Task description
Repeat every line of the data exactly; no picture belongs in the copy.

Given material
▼

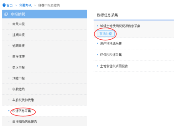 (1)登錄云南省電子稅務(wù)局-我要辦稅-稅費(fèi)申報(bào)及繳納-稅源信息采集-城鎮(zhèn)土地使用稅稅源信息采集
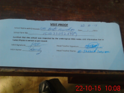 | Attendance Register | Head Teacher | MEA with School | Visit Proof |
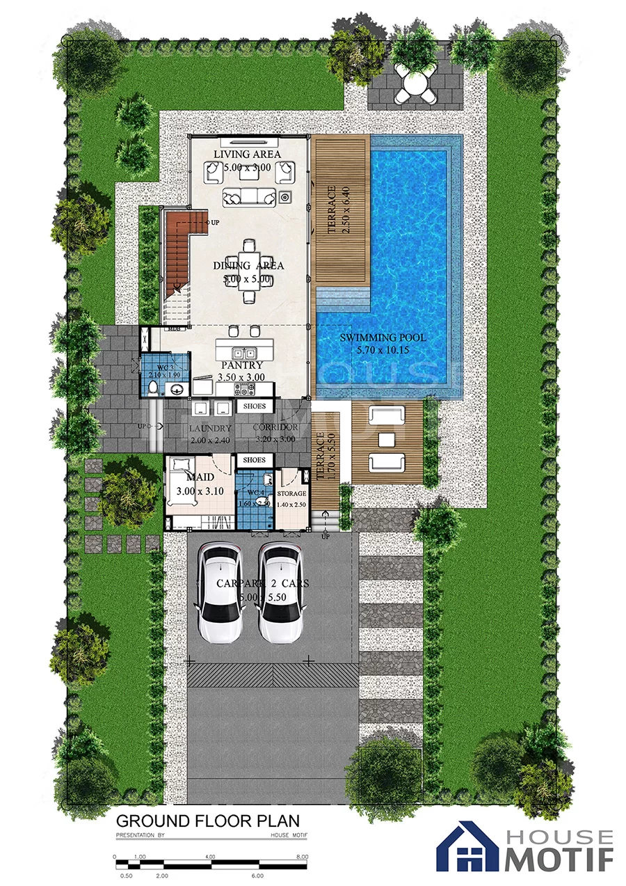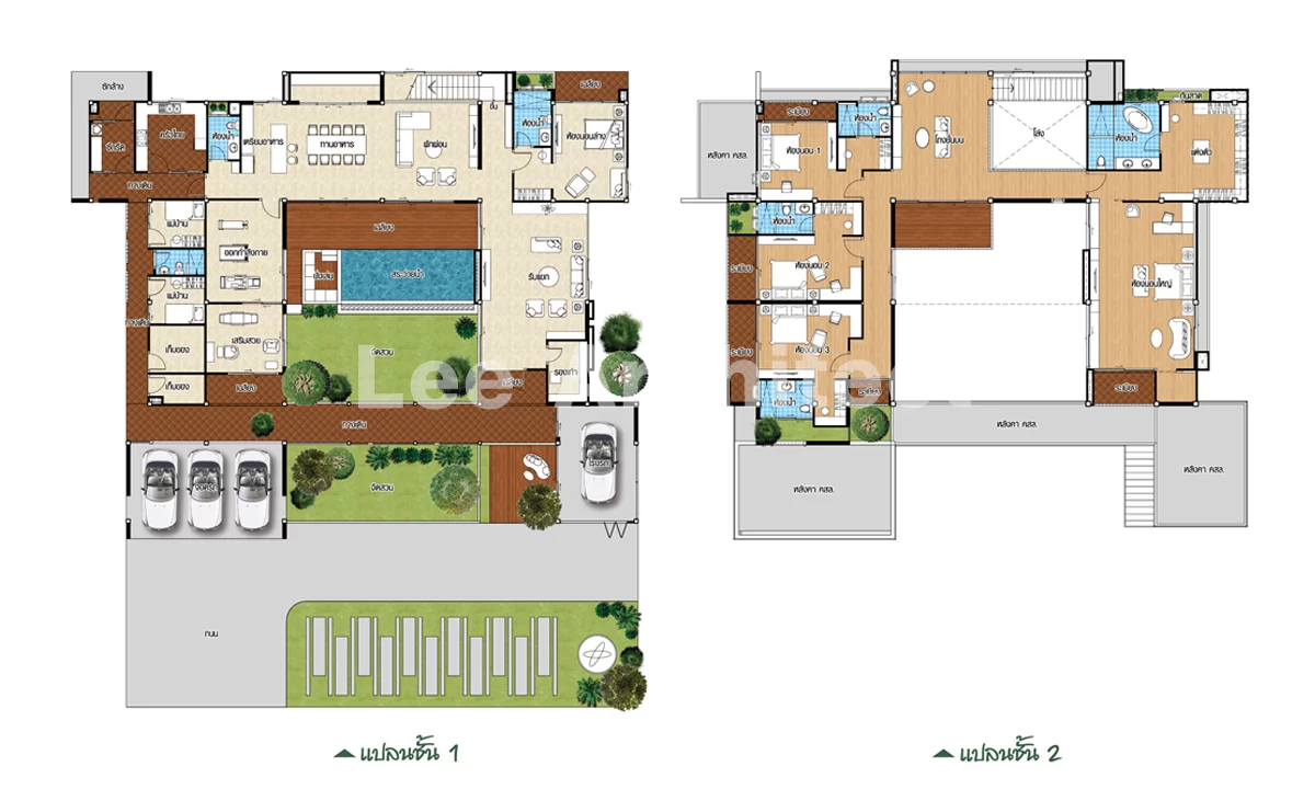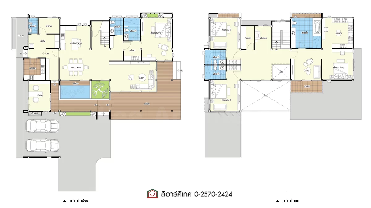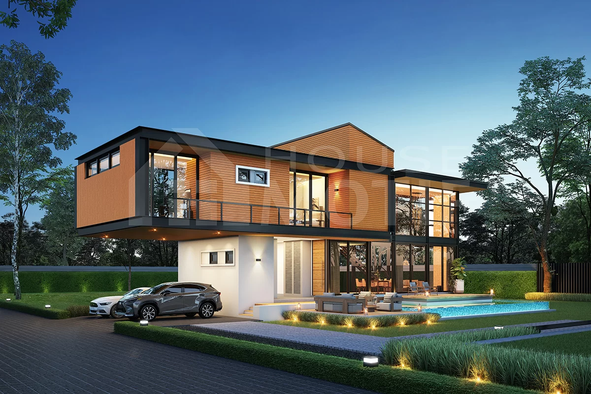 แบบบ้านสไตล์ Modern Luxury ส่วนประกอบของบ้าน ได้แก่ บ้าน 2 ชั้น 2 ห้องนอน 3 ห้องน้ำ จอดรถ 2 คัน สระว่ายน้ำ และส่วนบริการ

▲

Output of the task
 (1)登錄云南省電子稅務(wù)局-我要辦稅-稅費(fèi)申報(bào)及繳納-稅源信息采集-城鎮(zhèn)土地使用稅稅源信息采集
 | Attendance Register | Head Teacher | MEA with School | Visit Proof |
 แบบบ้านสไตล์ Modern Luxury ส่วนประกอบของบ้าน ได้แก่ บ้าน 2 ชั้น 2 ห้องนอน 3 ห้องน้ำ จอดรถ 2 คัน สระว่ายน้ำ และส่วนบริการ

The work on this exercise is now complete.